CBC needs help too, Lacroix tells MPs

OTTAWA — CBC’s president and CEO urged the government on Monday to include the pubcaster in any efforts to help ailing over-the-air networks, while repeating calls for stable, long-term funding.

‘I didn’t come here to ask for additional money, but to remind you that although I have a different mandate [than the private networks], our business model doesn’t work either,’ Hubert Lacroix said during an appearance before parliament’s Heritage committee, which is studying the conventional TV business.

The business model hasn’t been working for several years, he said, but the current economic crisis ‘has accelerated what was already a steady decline in the value of television advertising.’

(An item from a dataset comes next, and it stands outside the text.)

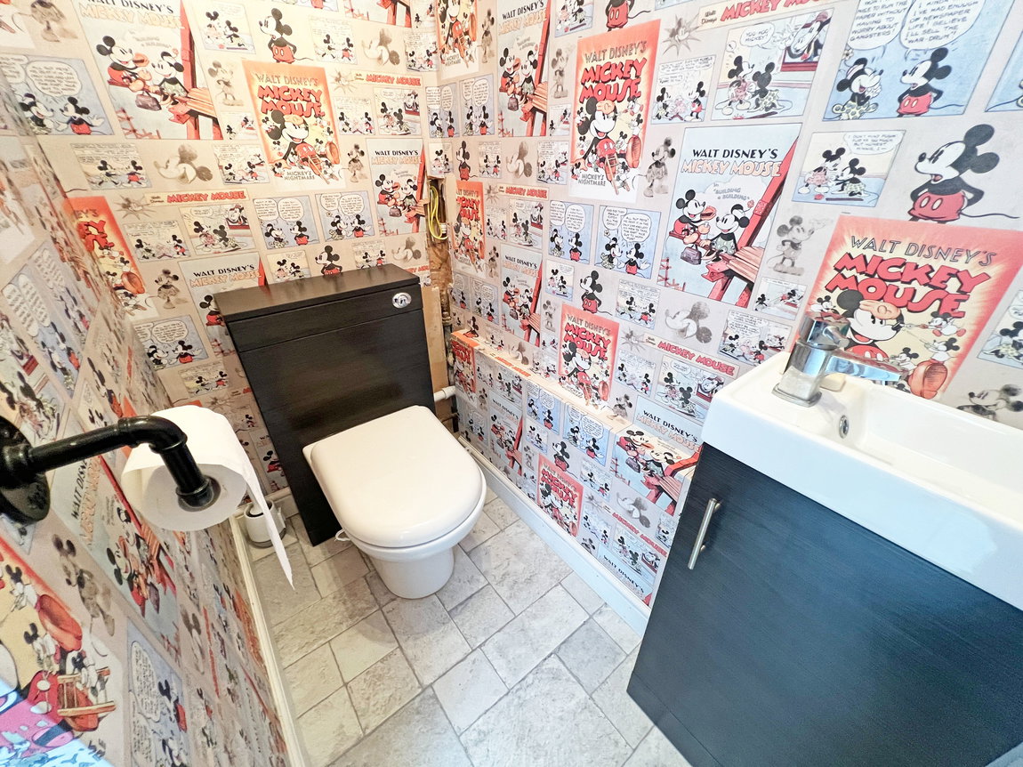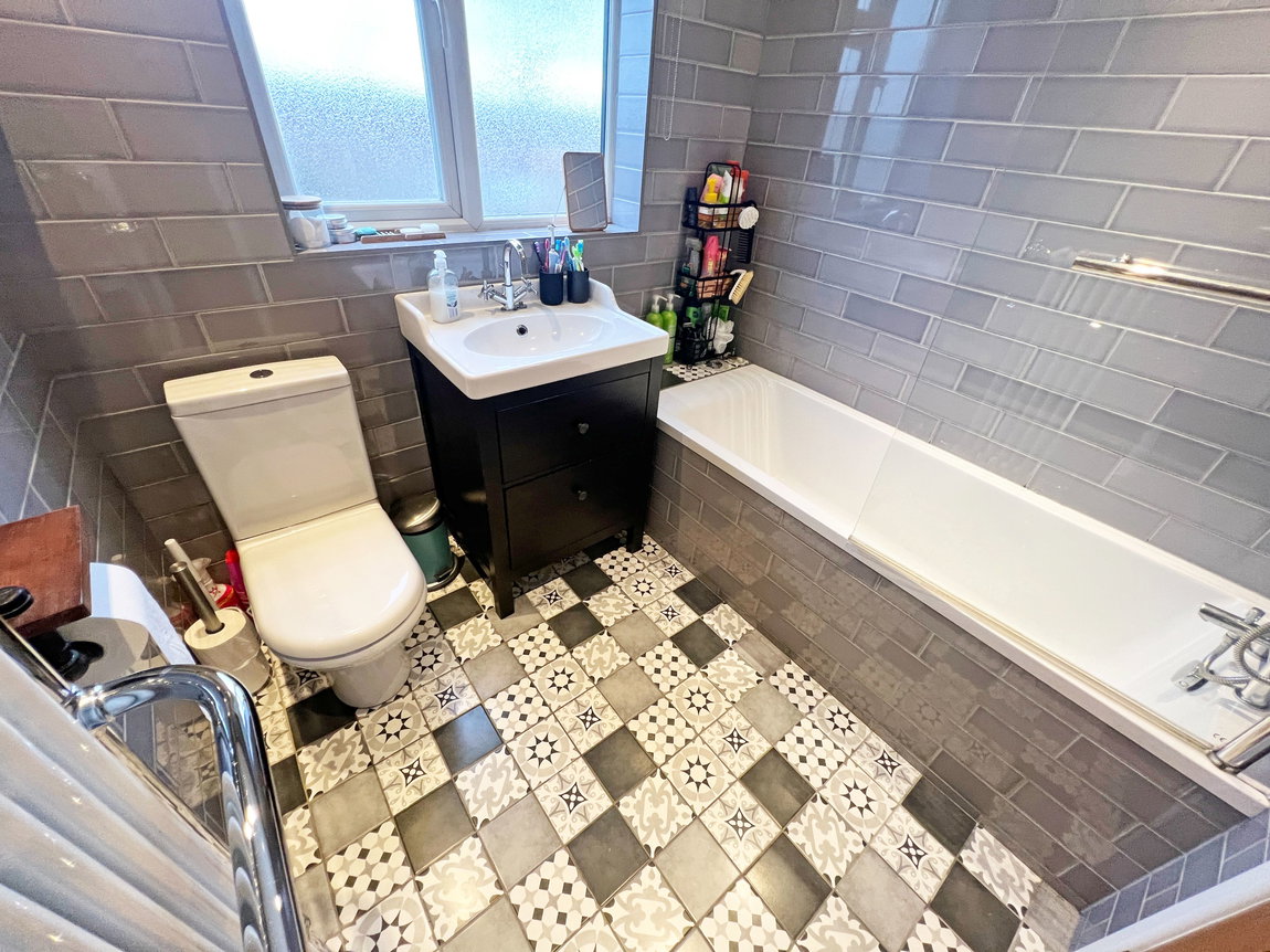 The first-floor accommodation includes three bedrooms, and a family bathroom which comprises a panel bath with a shower screen and shower over the bath, wash hand basin, and low-level flush WC, all with complementary tiling to the walls and floor.
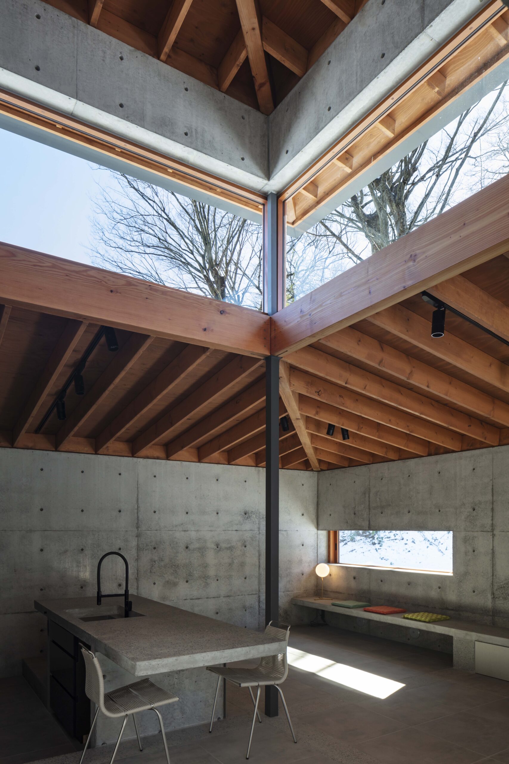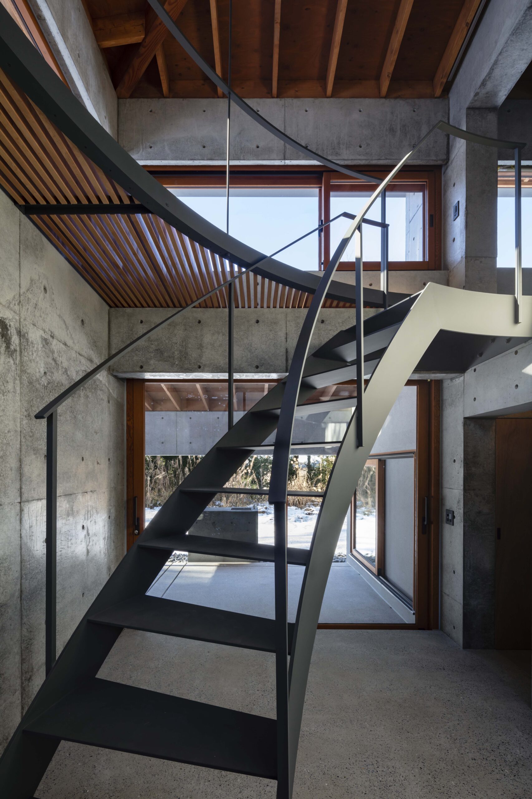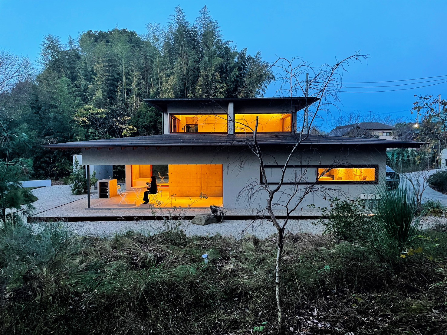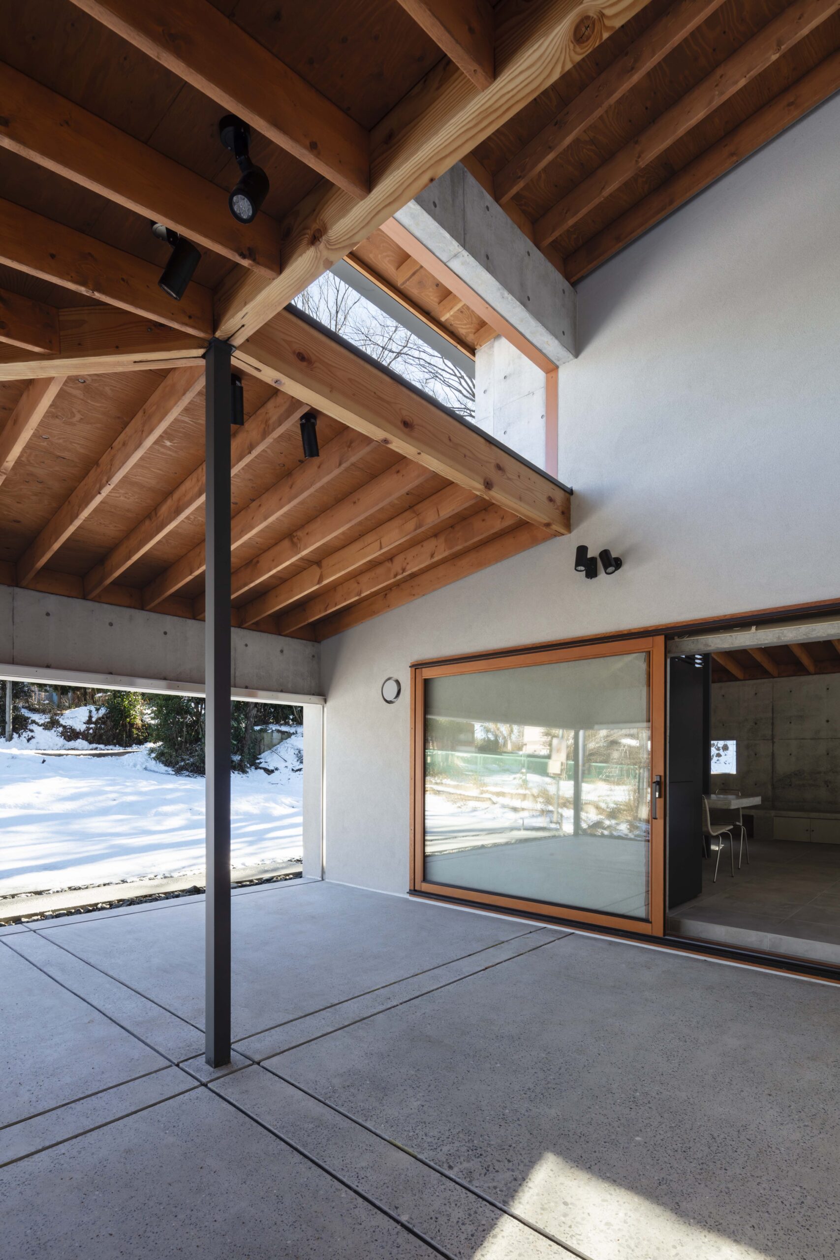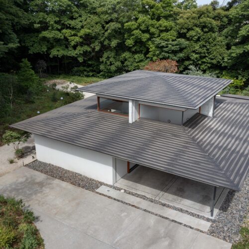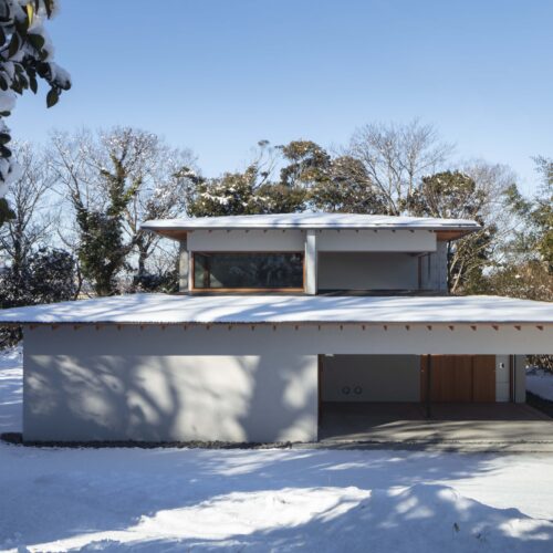 緑に囲まれた環境で、日常生活でもアウトドアを楽しみたいという建て主の希望をかたちにした住宅です。低い軒と緩やかな屋根が、外部からの視線は遮りながらも室内と庭をつなげています。また、テラスとアトリエという半外部空間が仲介することで、住まいと豊かな自然が一体化することに一役買っています。周辺の高木が日光を遮ってしまうのですが、上階のハイサイドライトや吹き抜けを設けることで光を室内に取り込むと同時に、そこからも木々や青空が眺められ、どこにいても自然を感じられる空間になっています。

Lacroix stated the CBC needs to access fee-for-carriage, if implemented, and other programs such as the CRTC’s new Local Programming Improvement Fund.

‘Don’t exclude us from these initiatives just because we get public money,’ he said. ‘Ad revenues are dropping in the 2008/09 year and we’re trying to make sure we can find a long-term solution.’ CBC anticipates a $171 million shortfall for 2009/10, which prompted the recent cuts to 800 jobs and the sell-off of some assets.

Along with fee-for-carriage and the LPIF, Lacroix renewed calls for a memorandum of understanding with Canadians that would ensure stable, long-term public funding for the CBC in exchange for delivering agreed-upon programming and services.

The CBC’s mandate, derived from the Broadcasting Act, requires ‘an incredible range of programming and services to Canadians across the country, across six time zones, in two official languages,’ he noted.

Lacroix also tried to assure the politicians that the public broadcaster remains committed to the regions. For example, although spending on regional services represents 38% of the pubcaster’s total budget, the regions bore only 20% of the total cuts, he noted. Cuts to the regions included radio staff in the Maritimes and Ontario.

‘I am not here to threaten to pull out of the regions,’ he said.